When talking of the human condition, Augustine argues it, as already written, ‘needs a physician, for all is not sound.’[3] This is to say that because of original sin humanity is twisted away from God and is inclined to sin rather than follow God. Some have taken the idea of original sin further than Augustine and have taught not only are people born into sin and a sinful world, but that people are unable in any way to be good, for even good acts committed, without knowing God, are inherently selfish. This is known as total depravity.

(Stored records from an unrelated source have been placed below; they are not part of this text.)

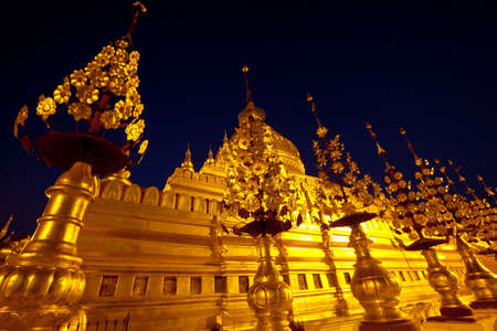 Shwezigon pagoda at twilight time, mandalay, myanmar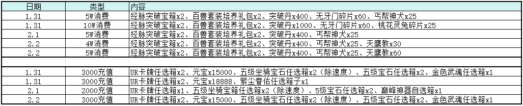 1月31日活动内容轮换公告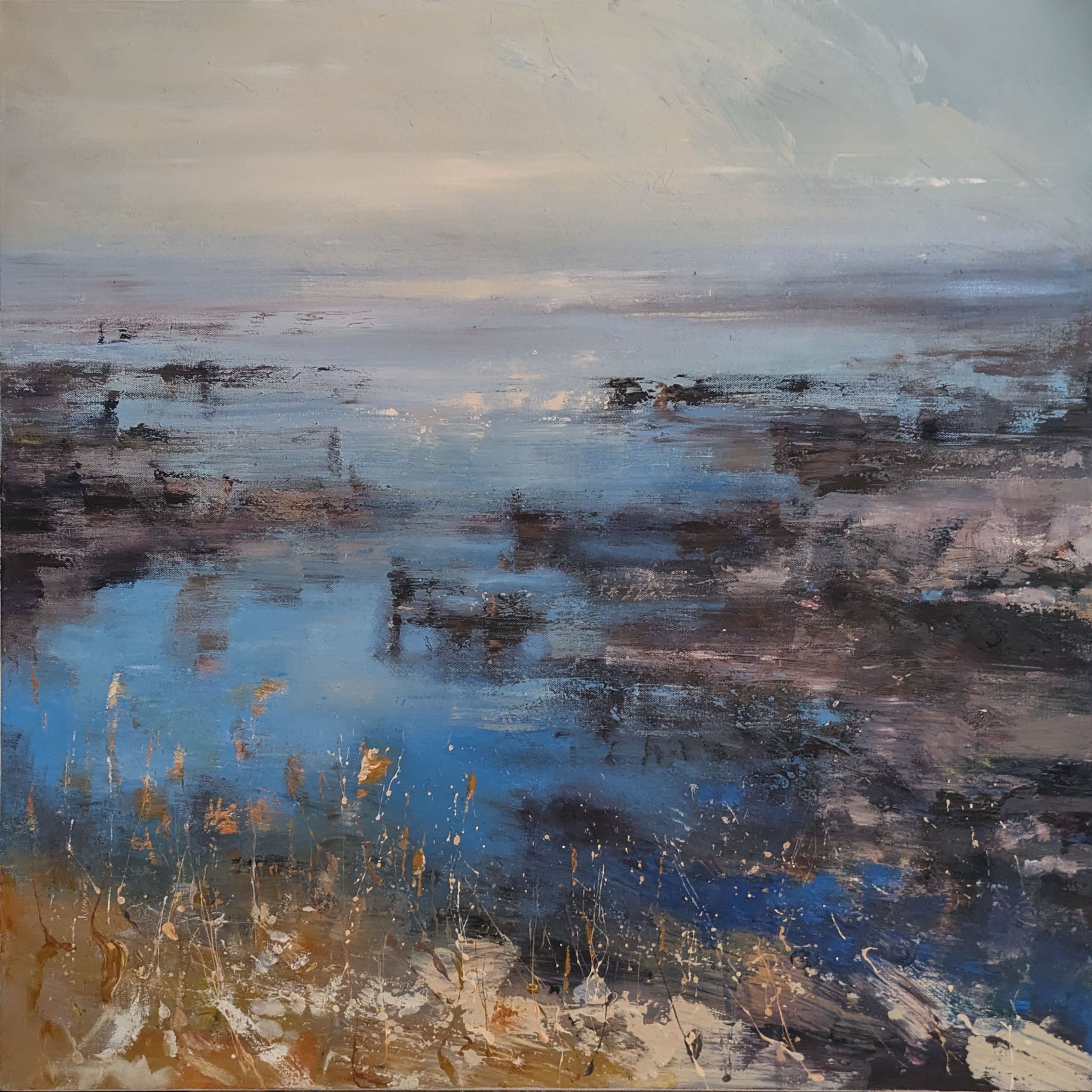 Claire’s oil and mixed media canvases combine layers of paint with fragments of collage. She scratches through sections of the painting to allow colours from underneath to emerge. “I want to create evocative paintings of land and sea that show a sense of place; different weather conditions are key elements”. Claire uses brushes and different size palette knives to build up layers and create depth. Paint is also flicked or carefully thrown on selected areas, evidence of this can be found all over her studio floor!  . Claire's work has ambiguous elements as she believes that “total recognition inhibits the imagination” however, at the same time, she works with strong structural compositions more often than not using a square format which she feels is important in creating a balance and harmony in her paintings.  Inspiration comes from the outdoors, walking and travelling, and poems often accompany Claire's work to help communicate specific ideas.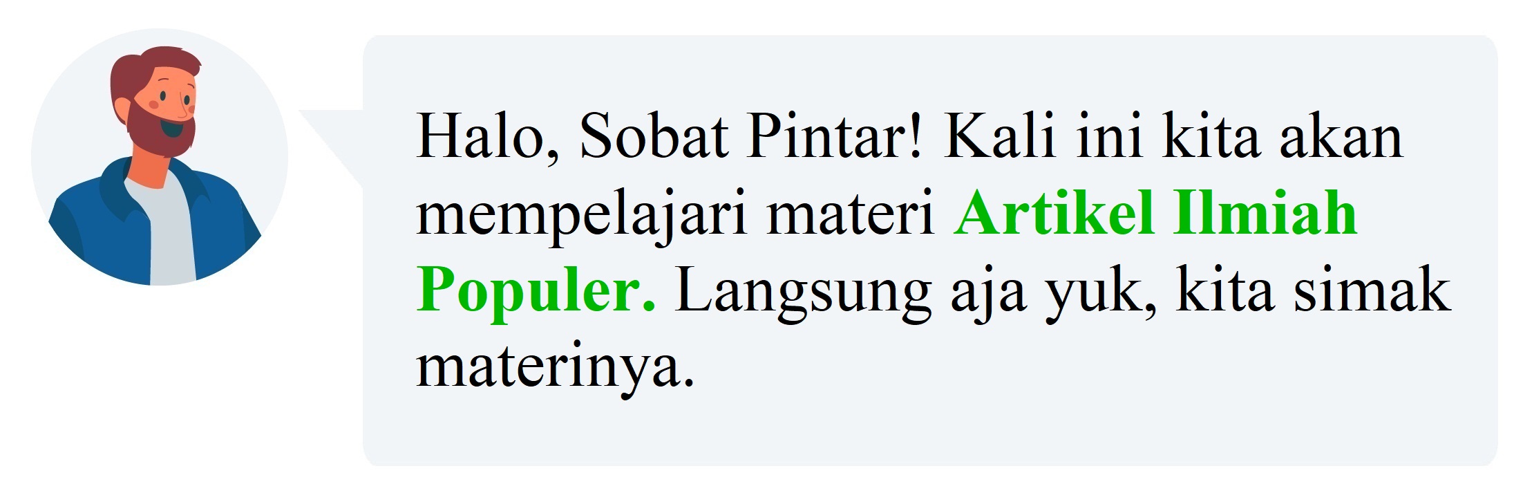 Sobat Pintar, pernahkah kalian membaca koran atau majalah yang di dalamnya terdapat artikel-artikel tentang lingkungan, kehidupan sebuah suku, atau hasil penelitian tentang hewan dan tumbuhan? Sering kali artikel tersebut disajikan dengan gambar dan grafik untuk melengkapi informasinya. Artikel ilmiah populer biasanya dimuat dalam media cetak dan elektronik. Lalu apa sebenarnya artikel ilmiah populer itu?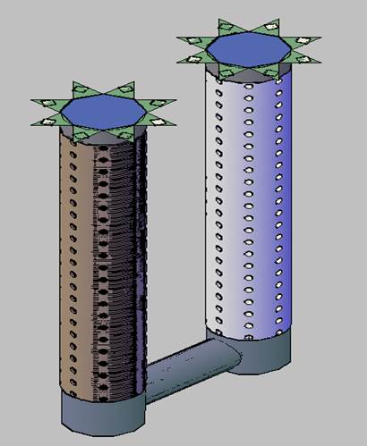 “Механическое дерево” представляет из себя два высоких цилиндрических столба диаметром около 1200 мм и в высоту 9 метров каждый. Диски расположены на расстоянии 0,05 метров друг от друга (рис.6).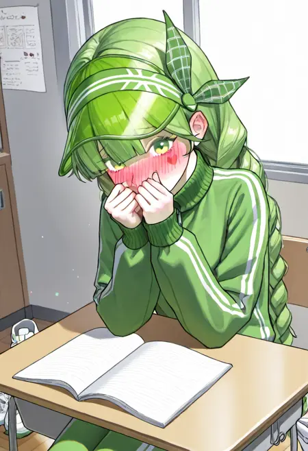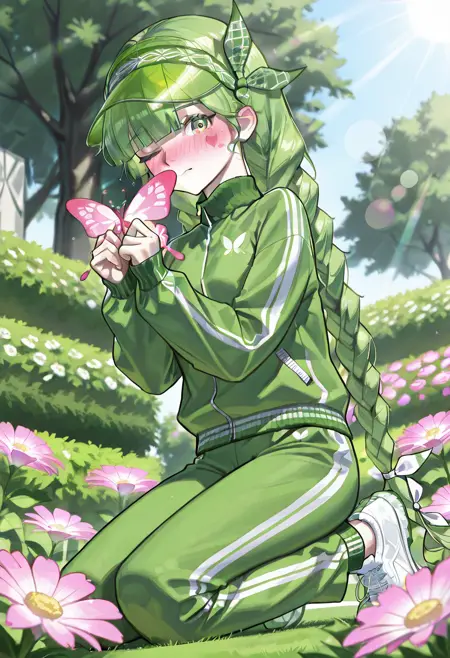 일반 프롬프트: 녹색 눈, 녹색 머리카락, 곧은 앞머리, 쌍둥이 땋은 머리

Total depravity suggests that not only are people inclined to sin people can do nothing else, without the grace of God. People are so sinful as a result of the fall, the image of God, the Imago Dei, within humanity is so blurred and broken that there is no good in humanity, by its own strength. This idea was promoted by the reformer John Calvin. Total depravity is intrinsically linked to Calvin’s other theologies, such as the predestination of the elect. That is:
‘By predestination we mean the eternal decree of God, by which he determined with himself whatever he wished to happen with regard to every man. All are not created on equal terms, but some are preordained to eternal life, others to eternal damnation’[4]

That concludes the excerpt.